I have been a utopian since reading Edward Bellamy’s “Looking Backward” a long, long time ago. When I was forty or so, it occurred to me that if I turned everything my father believed around by 180 degrees, I had collective image psychology, a reasonable explanation for today’s human behavior. It’s simple. We become the species we think we are. Since we don’t think much of “human nature” we don’t think much of ourselves and act accordingly. Hierarchy results when some strive to prove themselves different from that despised mass. You can find the theory in detail on my site at http://www.egalite.com
I wrote a book about the theory deemed so uncommercial, I cannot get an agent, let alone a publisher, so I self published it. In the last five or so years I sold three or four copies. I suppose the theory boils down to the thought of death makes us so crazy we collectively decide there is a God and a heaven. We kill those who express doubt. Since everyone happily worships in the church of their choice, persuading them religion is the problem in that it casts us as sinners and lowers collective esteem makes for a tough sell. I’m new to blogging. It’s interesting, but I doubt bloggers are ready for a new faith in humanity, current events notwithstanding, to replace the old faith in God.

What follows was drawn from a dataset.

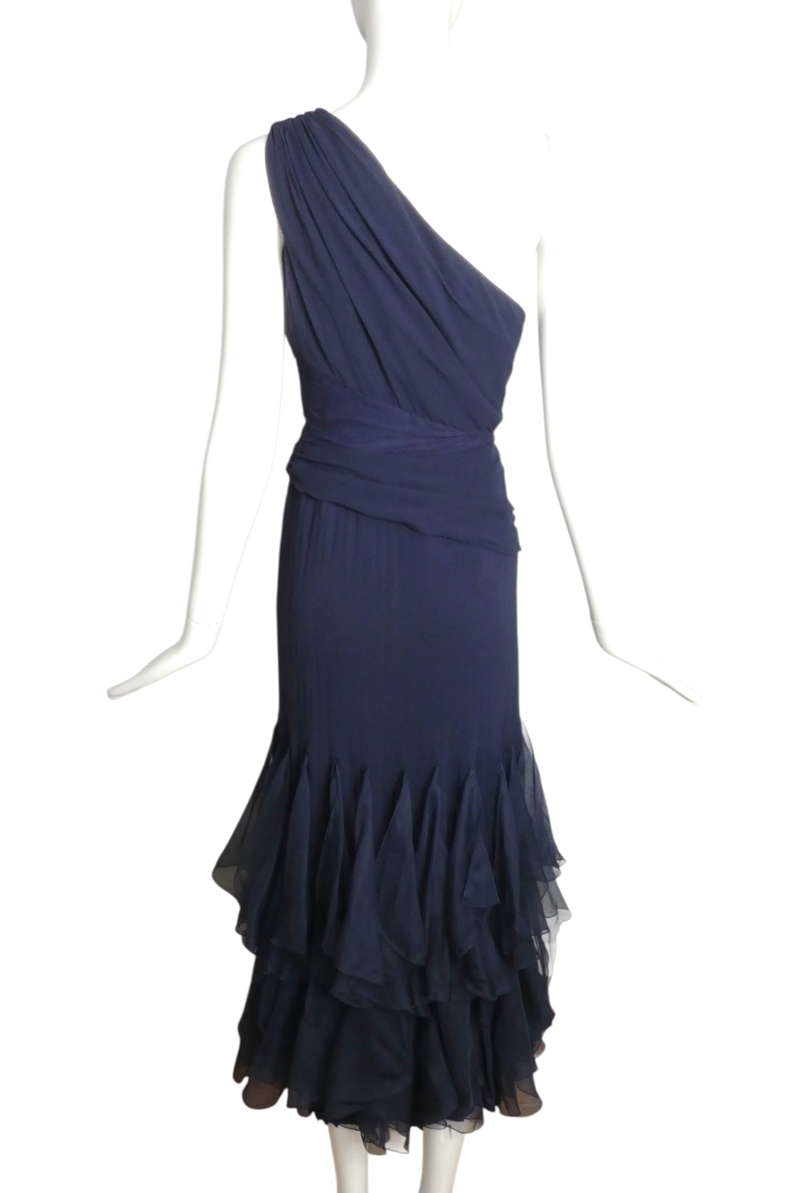 Description: A breathtaking Valentino creation from the Spring/Summer 1995 runway collection in luxurious navy silk chiffon. The ethereal one-shoulder bodice features graceful gathers cascading from the left shoulder, while a strategically placed midriff cutout—faced for modesty and removable for runway authenticity—adds architectural intrigue. The slender skirt showcases rows of bias-cut handkerchief ruffles that create fluid movement with every step. A complementary long-sleeve nylon tulle bodysuit accompanies the dress, offering styling versatility. A museum-quality piece exemplifying Valentino's mastery of romantic draping and innovative construction.

i don’t know what ‘bloggers’ are prepared to do, but I believe in the separation of church and state, which means I don’t proselytize or discourage religion in this forum. Others are free to do so. But defeating Republicans is a totally different goal than pimping the Enlightenment. Although, pimping the Enlightenment is a worthy goal that should be pursued and can have politically beneficial results.
What is pimping the Enlightenment?
advocating humanism.
Hi Booman
I agree to a point. I cannot see any politician getting elected on a let’s question the existence of God platform, but God plays a huge roll in politics-abortion, stem cell research, and what appears to be a coming Christian-Islam battle. Supposedly more than 95% of Americans believe in some form of God. Do you?

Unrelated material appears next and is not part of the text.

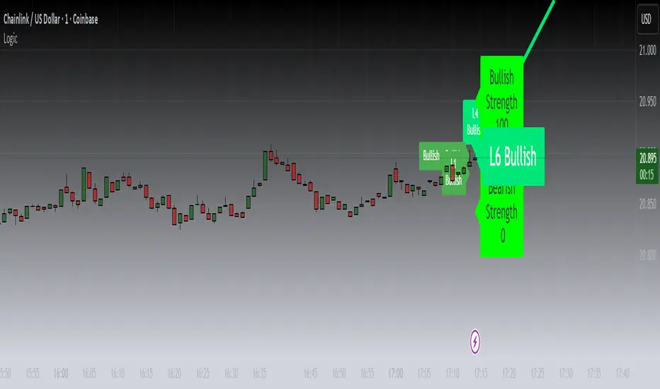 Apply LOGIC directly to your chart on any timeframe. Use it to observe live candle-by-candle behavior as it develops. In practice, L4, L5 and L6 serve as the system’s most selective filters, designed to trigger only when refined streams point in the same direction.
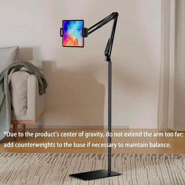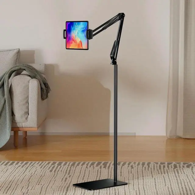 Tablet Floor Stand & Kindle Holder, Overhead Bed Reading Stand with 360° Rotatable Clamp and Height Adjustable Flexible Long Arm, Compatible with Kindle, iPad mini/Air/Pro, and 4.7 -14 Inch Devices

That said, discussing religion is like improving someone’s self image by saying, “You wouldn’t do those self destructive things if your self image were better.” Damning with extremely faint praise.

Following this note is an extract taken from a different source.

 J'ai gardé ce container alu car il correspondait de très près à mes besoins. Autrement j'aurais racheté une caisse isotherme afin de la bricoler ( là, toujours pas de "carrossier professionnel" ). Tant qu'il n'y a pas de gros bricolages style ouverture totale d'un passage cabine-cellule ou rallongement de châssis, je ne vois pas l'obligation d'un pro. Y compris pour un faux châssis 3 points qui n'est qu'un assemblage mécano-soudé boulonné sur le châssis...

Do you have any ideas on how to improve someone’s self image without being destructive? (Only the individual can improve his or her image, but is it possible to help?) How, for example, does one broach the possibility that present perceptions of an all seeing, all knowing God smack of collective paranoia and grandiosity in that they have God, creator of this enormous universe, spending his or her days monitoring what we humans do?
Ed
Injecting religion into politics is a mistake. It’s a mistake that Republicans make all the time because they have no other way of tricking majorities into voting against their own financial self-interest.
Democrats should not try to convert people to a different religious viewpoint, but a different political viewpoint.
Advocating humanism is an essentially non-political mission…advocating that people make their decisions about policy based on facts, not beliefs, is a political mission.
Republicans have used religion successfully for some time. As you say, religious belief trumps financial self interest. It trumps everything actually with clergymen of all stripes recommending candidates, implying God endorses their choice. I do not know how to approach religion in politics without it blowing up in one’s face. What, if anything, can be done is an extremely reasonable topic for a political discussion. I’m not sure how the religious implications in politics can be approached, or if they can be approached at all.
That reminds me a bit of some of Ernest Becker’s work, as well as some recent trends in the area of experimental existential psychology (Terror Management Theory springs directly to mind).